Personal life
- Born: 13 November 1964 (age 61) Mumbai, Maharashtra

Religious life
- Religion: Hinduism
- Philosophy: Advaita

Religious career
- Teacher: Swāmi Parijnānāshram III, Ishwaranand Giri Maharaj of Mount Abu, HH Narayananashram Swamiji, HH Jagatguru Shankarcharya of Shringeri.

= Sadyojat Shankarashram =

Indian spiritual teacher

Sadojyat Shankarashram is the spiritual leader of the Smarta tradition Chitrapur Saraswat Brahmin community of India, having ascended the Peetha (seat) in February 1997. He is the eleventh Mathadipathi (Head) of Chitrapur Math. It has its spiritual centre or 'math' at Shirali, Uttar Kannada district in Karnataka.

== Early life ==
The tenth Swamiji, Parijnanashram III had not appointed a successor (shishya), leaving the community uncertain. During this time, members learned of a Saraswat youth who had taken Sannyasa and was residing at Mount Abu. They invited him to assume the revered Peetha, and upon his acceptance and ascension, he became the eleventh Guru in this distinguished Chitrapur Guru Parampara.
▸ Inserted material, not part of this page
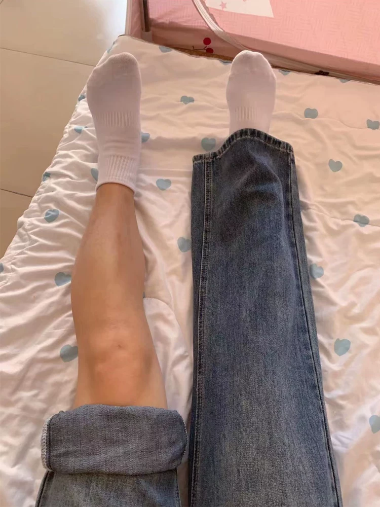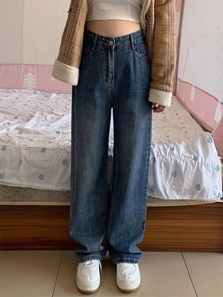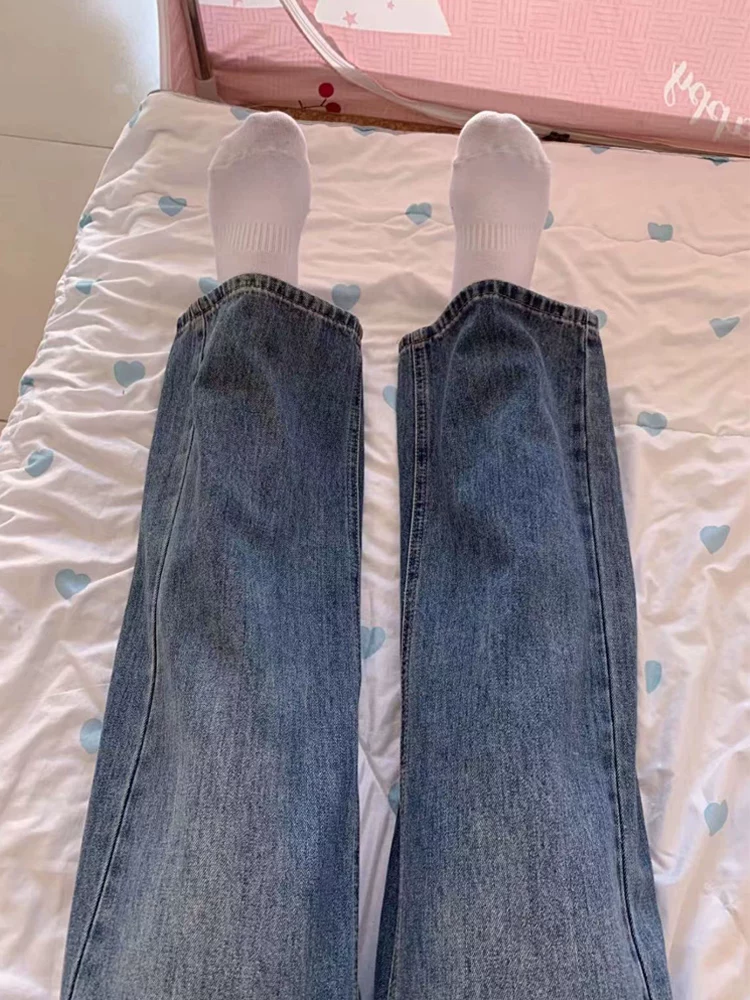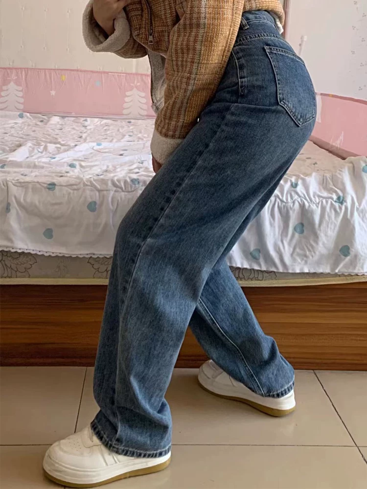 - Thân hình quả lê, hông và đùi dày, quần jean ống thẳng cho nữ, phong cách đầu thu, cỡ lớn, lưng cao, rộng rãi, giảm béo, quần ống rộng

== Works undertaken for community ==
In 2002, to promote the use of Sanskrit, the Swami established an educational initiative called Girvaana Pratishtha, which has since expanded to 18 centers across India and three overseas. A number of devotees have completed teacher training, 2,000 have passed the conversational examination, and 1,000 have cleared the theory exam.

In 2006, he initiated Prarthana Varga to instill strong samskaras and traditional values in children, helping them remain connected to and proud of their cultural heritage wherever they go. Today, these classes are conducted across 25 centres in India, the UK, Canada, the USA, Australia, and New Zealand. Over 70 volunteer teachers continuously develop engaging, interactive, and educational modules to ensure the weekly sessions remain lively and meaningful.
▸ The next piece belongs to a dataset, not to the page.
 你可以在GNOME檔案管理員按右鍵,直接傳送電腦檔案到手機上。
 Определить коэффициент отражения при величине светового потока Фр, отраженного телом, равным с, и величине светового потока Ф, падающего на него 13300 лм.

In 2008, Swamiji founded Chitrapur Yuvadhara, a youth wing of the community focused on engaging young members through spiritual camps (Shibirs), trekking, and Anusmaran (constant remembrance/contemplation) to bridge the gap between traditional values and modern life.
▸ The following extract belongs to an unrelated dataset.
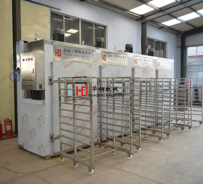 臘肉煙熏爐直銷-臘肉機器一提起臘肉,我們肯定不陌生,有很多人會說不就是豬肉經(jīng)過曬干煙熏后的加工出來的食品嘛,對了,從理論上說可以這么理解,看似簡單的臘肉如果說加工不好的話,臘肉機器那吃起來的口感是大有不同的,有些人喜歡自己用柴火點上火上面加一個架子,把臘肉用繩子栓起來掛在桿上,用扇子一邊閃火一遍熏,可想而知,那柴火揮發(fā)出來的煙灰會隨著風沾腐到食品上,因為我們都知道,木材產(chǎn)生的煙灰里面含有致癌物,長期食用會對身體造成危害,那么,很多人又特別喜歡吃,又擔心吃了對身體不好,那怎么辦呢。哈哈,不用擔心,為了大家身體健康以及加工效率上,我們經(jīng)過準確的研究,計算合理設計出了一種能夠提高工作效率,過濾致癌物,提高產(chǎn)品品質的煙熏爐。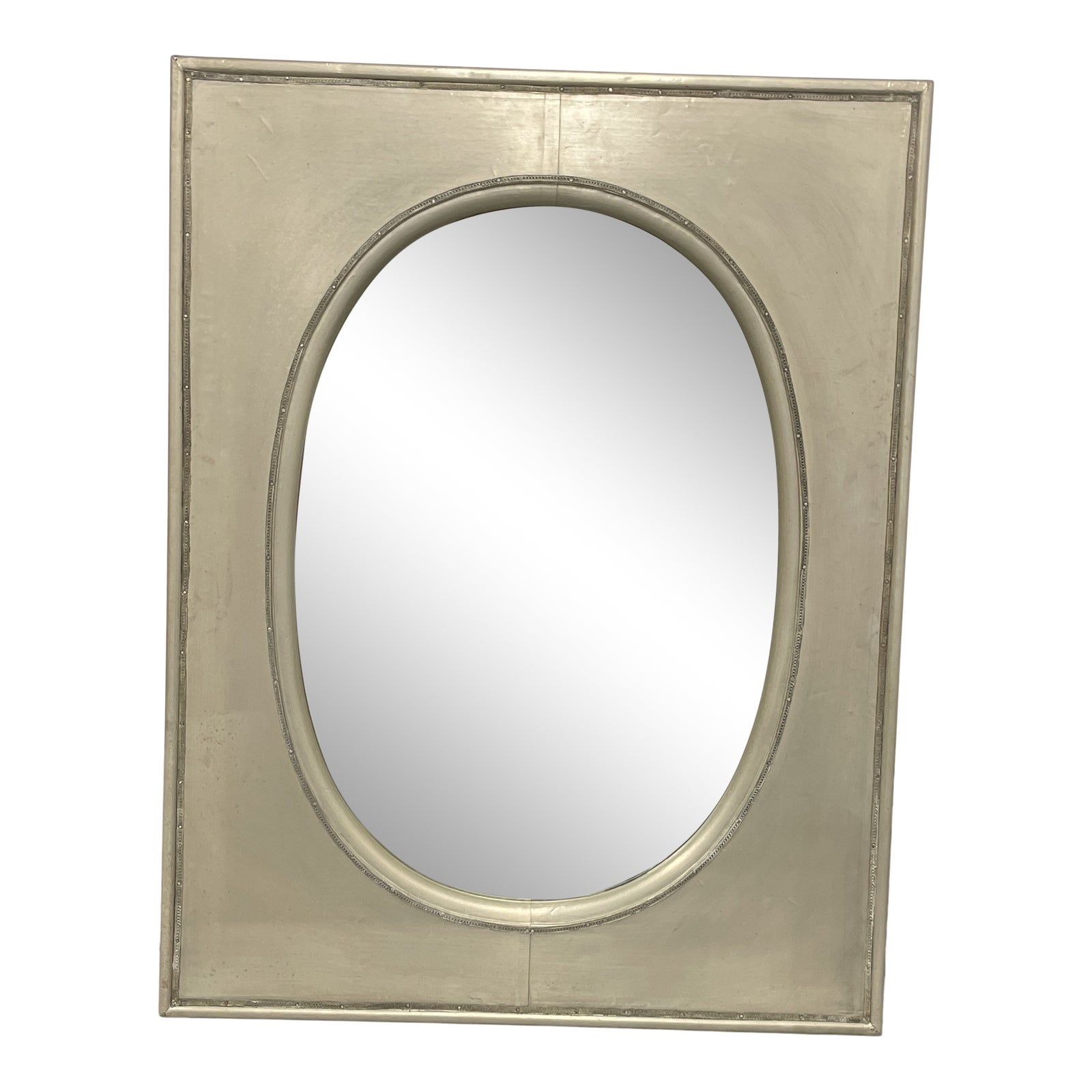 Design Plus gallery presents a French Silver Metal + Wood Oval Mirror. Wood frame is painted with a rich silver paint and accented with hammered metal perimeter around the oval frame and rectangular outer frame. Minor wear through out adds to the vintage charm. Mirror is in good condition. Hardware for hanging vertically and horizontally is located on the back. Custom made in 2008.

Srivali Trust, Parijnan Foundation, and SCM Charitable Trust were established to implement a range of social and educational initiatives. These efforts led to the establishment and revitalization of schools in Shirali, Mallapur, Karla, Mangaluru, and Kotekar. With a strong focus on rural development, particularly women’s empowerment, initiatives such as Parimochana and Samvit Sudha were launched and have since become key drivers of economic independence for many women in and around Shirali. The Handmade Paper Project factory in Kembre, entirely managed by women, was set up to promote rural employment, recycling, and environmental sustainability. The Parijnan Foundation has introduced the Samarth Bhanap Yojana, aimed at fostering entrepreneurship among young leaders of the community.